Таков был суд ярла Торлейфа.
Кнут Белый
Кнут стоял на одной из верхних ступеней и очень хотел воды, сесть, поесть мяса и помыться. Но жаловаться он не хотел, так что продолжал стоять где стоял и всматриваться в толпу, перебирая взглядом толпу. Рига было не видать.
Ладно.
«Могло быть и хуже», — так матушка всегда говаривала. Даже когда моровое поветрие её подкосило да в кровать уложило, она улыбалась и не грустила. Гладила тогда Кнута по голове и говорила, что могло быть хуже. А потом померла. А спустя два года отец собрал великий набег и тоже помер. А Кнут теперь мёрзнет на одной из самых высоких ступеней. Но могло быть и хуже, это правда. Всегда может быть хуже, пока не помрёшь.
Хуже всего была скука. Слушать клеветников — единственное развлечение, но ничего приятного в этом не было, так что Кнут особо и не слушал. Младший брат его за дурака держал, и дурак он, наверное, и есть, но то, что на него будут с первой ступени наговаривать, он ожидал и не удивился. На тот момент обвинение собрало тридцать четыре звена. Было даже странно видеть столь малый весь обвинения, потому как Кнуту не верилось, что пятеро обвинителей это всё, что Торлейф и Вальгад смогли привлечь на свою сторону за две недели. Тем более, что принимали они вообще любые слова без разбора, и даже маму несчастного мальчика, что Кнуту попался под топор, и ту притащили. Мерзко как-то, хочется помыться. И мяса, и сесть уже, наконец, нормально, хмельного выпить.
После матери убитого вышел Свейн Принеси — отчаянный парень, даже для сына рабыни, с какой-то незатихающей злобой в глазах. Свейн тоже стал ерунду говорить, ну да ладно. К чему это всё? Ярл с равнителем легко могли и тысячу звеньев такими обвинениями положить на нужную чашу весов: нашлись бы и свидетели того, как Кнут молитвы Поганой Дюжине возносит, если Торлейф слабых духом деньгами своими умаслит. Да чего уж там, нашлись бы и те, кто в Кнуте и самого Солнцевора бы признал, за хорошую-то плату. Грустно всё это.
Не было сомнений, что все это часть замысла Торлейфа, и что обвинители были подобраны не просто так, не по убедительности их слов, уж точно. Вот только Кнут никак не мог понять конечную цель этой хитрости. Не то, чтобы это важность какую имело, но всё-таки.

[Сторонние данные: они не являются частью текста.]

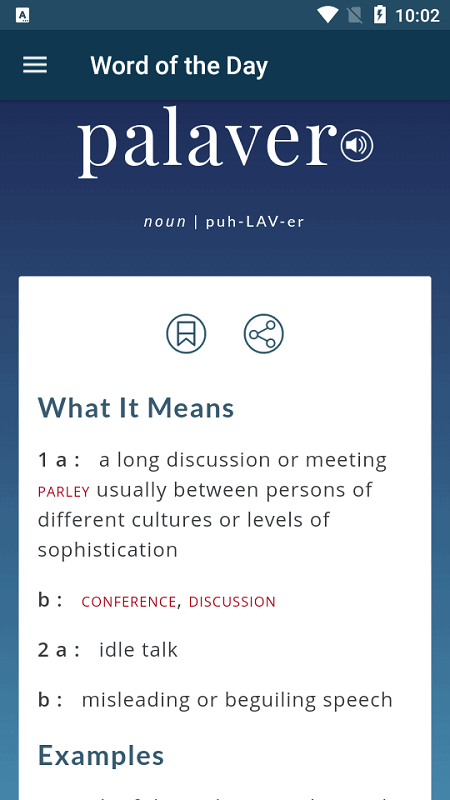 当您查找一个新单词时,您不仅仅是在单独学习该单词。Merriam-Webster 通过添加同义词和反义词将您带到下一个层次。因此,您总是会很高兴收到更多与您感兴趣的问题相关的词汇。从这里开始,您的词汇变得越来越多样化和有价值。更具体地说,如果您的移动设备未连接到互联网,您仍然可以查看它们,因为它始终在字典中可用。
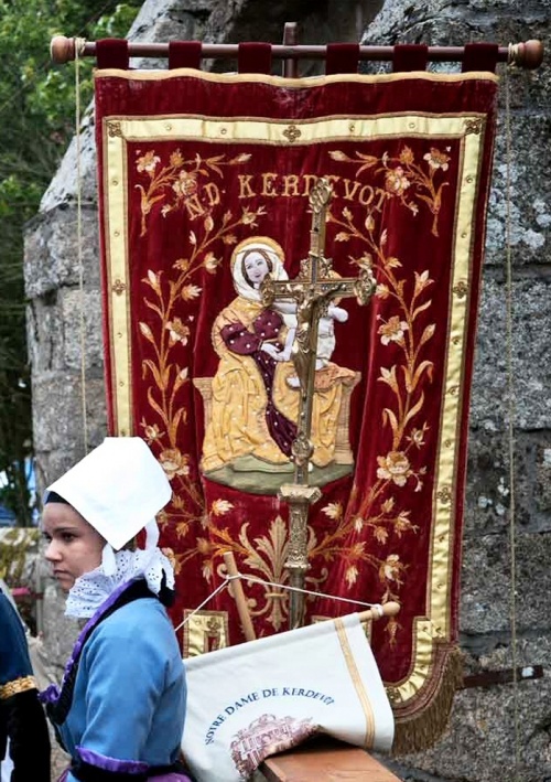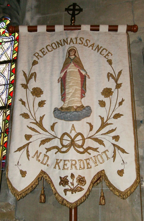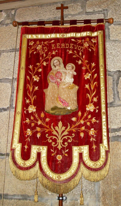 Inscription : ITROUN VARIA KERDEVOT / SIKOURIT AC' HANOMP. (Notre-Dame de Kerdévot, Aidez-nous) Figures : Vierge à l'Enfant assise, couronnée, vêtue de rouge et d'or. Monogramme marial AM ( « Auspice Maria », sous la protection de Marie) Armoiries : Blason de Bretagne, d'hermine plain, couronne ducale, deux lévriers, et armoiries pontificales En 1899 Anatole Le Braz assiste au pardon de Kerdévot et il écrit : « Les hommes sont debout ; les bannières droites dans la balustrade. L'une d'elles, blanche, avec une image en or est l'Intron Varia Kerzevot. D.E.D. On lui a mis derrière une Vierge de Lourdes qui, bientôt sans doute la supplantera ». On peut supposer que cette ancienne bannière blanche est dans un état vétuste qui ne lui permettra pas d'être porté lors des prochaines processions, et que la bannière de velours bleu ne soit sans doute commandée pour la remplacer. Restauration par des brodeuses de la paroisse ayant suivi une formation auprès de l'École de broderie d'art de Kemper créé en 1995 par Pascal Jaouen. |
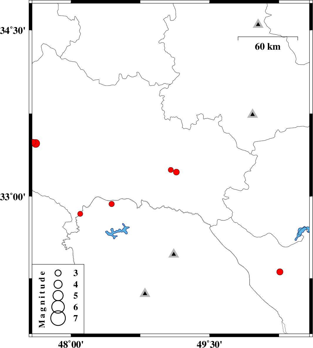 | 2008/03/15 | 03:15:17.1 | 06:45:17.1 | 32.84 | 48.1 | 38 | ML:2.6 | 48 km North-West of Andimeshk, Khoozestan Province |
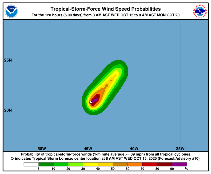 La tormenta tropical Lorenzo se desplaza sobre el Atlántico sin representar peligro para tierra firme y se espera que se debilite y desaparezca el jueves, informó este miércoles el Centro Nacional de Huracanes (NHC) de Estados Unidos.
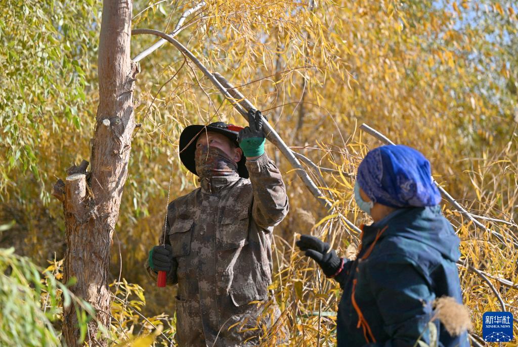 10月28日,德力格(右)和兒子蘇虎慶給胡楊剪枝。
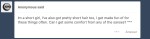 Anon 1: Oh my gosh, I get it. It doesn’t happen so much anymore, but when I was little I got teased for it all the time… Which is so weird? Why do people even tease others for being a little bit smaller or having shorter hair? I mean yeah, shorter is better I can play hide and seek better and am less likely to be picked out in class not to mention having shorter hair means people don’t yank on it randomly; their the one’s missing out friend!!

А потом Ингварр Пешеход вышел вперёд, и вот это действительно Кнута задело, и куда сильнее, чем он постарался показать. Ингварр дважды был с Кнутом на соседних вёслах и трижды рядом в битве, был первым, кто ранее отметил добром слова Кнута на Ступенях, а до того прославился в походах так, что песни о нем запевали иной раз и на Западном Берегу. Вышел он неспешно, будто бы нехотя. Проигнорировав протянутые руки Вальгада, он сел на первую ступень всё ещё со своей цепью на шее, после чего крепко нахмурился.
Человек небывалой силы и размера, он дожил уже до первых седых волос после многих славных сражениях, за что теперь мог звенеть цепью в двадцать пять звеньев. Их было и больше в его лучшие годы, пока Ингварр, сражённый вестью о смерти жены, не отложил в сторону свой огромный боевой молот и не взял в руки молот плотницкий, всего себя посвящая заботе о трёх своих дочерях. Плохой тогда был год для женщин, оставшихся дома. Ингварр сменял на деньги множество звеньев, прежде чем смог начать кормить семью новым ремеслом, а значит, можно, наверное, было и не удивляться его продажности.
Вот только даже если цепь Ингварра и стала короче, то память людская оставалась прежней, и удивлённый ропот прокатился по собравшейся толпе. Даже Бездомный Стрик цокнул языком.
Ропот стих со временем, успокоился, уступая место редким перешёптываниям в тишине. Ингварр же всё продолжал сидеть молча, понурив голову и не глядя ни на кого, пальцами перебирал звенья своей цепи. Молчание великана затягивалось, и Вальгаду пришлось брать инициативу в свои руки: приблизившись к бывшему воину, он спросил того осторожно, глядя снизу вверх, потому как даже усевшись на первую ступень, великан был выше равнителя на голову:
— Плотник Ингварр, получивший второе прозвание Пешеход, готов ли ты поведать нашему ярлу и жителям города всё то, что знаешь, и что рассказал мне ранее, в личной беседе? Про Кнута и его убийство трёх безоружных людей?